After a dreadful start, and its rescue by the Canadians, it pioneered 24-hour-a-day news coverage in Britain, creating an accessible but authoritative style – very different from the BBC’s at that time. It nurtured a generation of journalists, now to be found in every major broadcasting organisation, from ITN and the BBC to Sky and Independent Radio.

The reasons for LBC’s decline are still a matter for debate. Some put the blame firmly on the Australians who took over the station and squeezed out the British management, convinced that what worked Down Under would work in London.
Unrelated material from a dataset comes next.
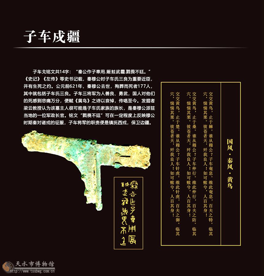 這次展覽共設(shè)置四個(gè)單元,以天水地區(qū)甘谷毛家坪遺址、清水李崖遺址、張家川馬家塬遺址考古發(fā)掘出土文物為主,展品年代從西周中期延續(xù)至戰(zhàn)國晚期。第一單元以甘谷毛家坪遺址上世紀(jì)80年代和本世紀(jì)發(fā)掘的陶器以及2010—2011年清水李崖遺址發(fā)掘的陶器為主,展示目前發(fā)現(xiàn)的最早的嬴秦文化遺存;第二單元展示禮縣大堡子山、甘谷毛家坪遺址出土青銅容器、兵器和陶器,其中毛家坪遺址出土的“子車戈”是與《史記》《左傳》等文獻(xiàn)所記載的“子車氏”信息相關(guān)的實(shí)物遺存;第三單元展示張家川馬家塬遺址、秦安王洼墓地出土的金、銀、銅等身體裝飾、車飾及其他重要遺物,呈現(xiàn)戰(zhàn)國晚期西戎貴族奢華的葬俗以及多元文化融合。第四單元集中介紹早期秦文化項(xiàng)目取得的考古成果以及做出貢獻(xiàn)的考古學(xué)家。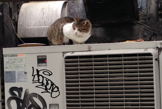 今朝は、例のノラ君は室外機の上に陣取っていた。 エライ張切っている様子なのでよく見れば餌を沢山頂いたようで、それを守っていたのだ。

Others blame the Independent Broadcasting Authority – working to the Government’s “increased choice” agenda – for forcing LBC to split its familiar service into two, under the threat of having to give up one of its frequencies.Either way, since the demise of LBC, neither London News nor Talk Radio has managed to establish itself as the flagship speech station that commercial radio needs and deserves. Quite the reverse.

Yet there is no shortage of strong, commercial news and broadcasting companies which should be able to provide such a service. ITN, which is part of the new London News consortium, is one. Whether GWR – with its track record in music rather than speech – is another, remains to be seen.

What is intriguing is that its main speech competitor is now controlled by the giant European media group, CLT – best known here for Radio Luxembourg and Atlantic 252. Talk Radio, already relaunched once after the failure of its American-imposed “shock-jock” formula, has now lost a second pair of programme and sales directors following the CLT takeover. Its new programme philosophy remains to be seen.

As GWR leads the UK’s expansion overseas, it must remember that, in a highly personal medium like radio, foreigners don’t always know best.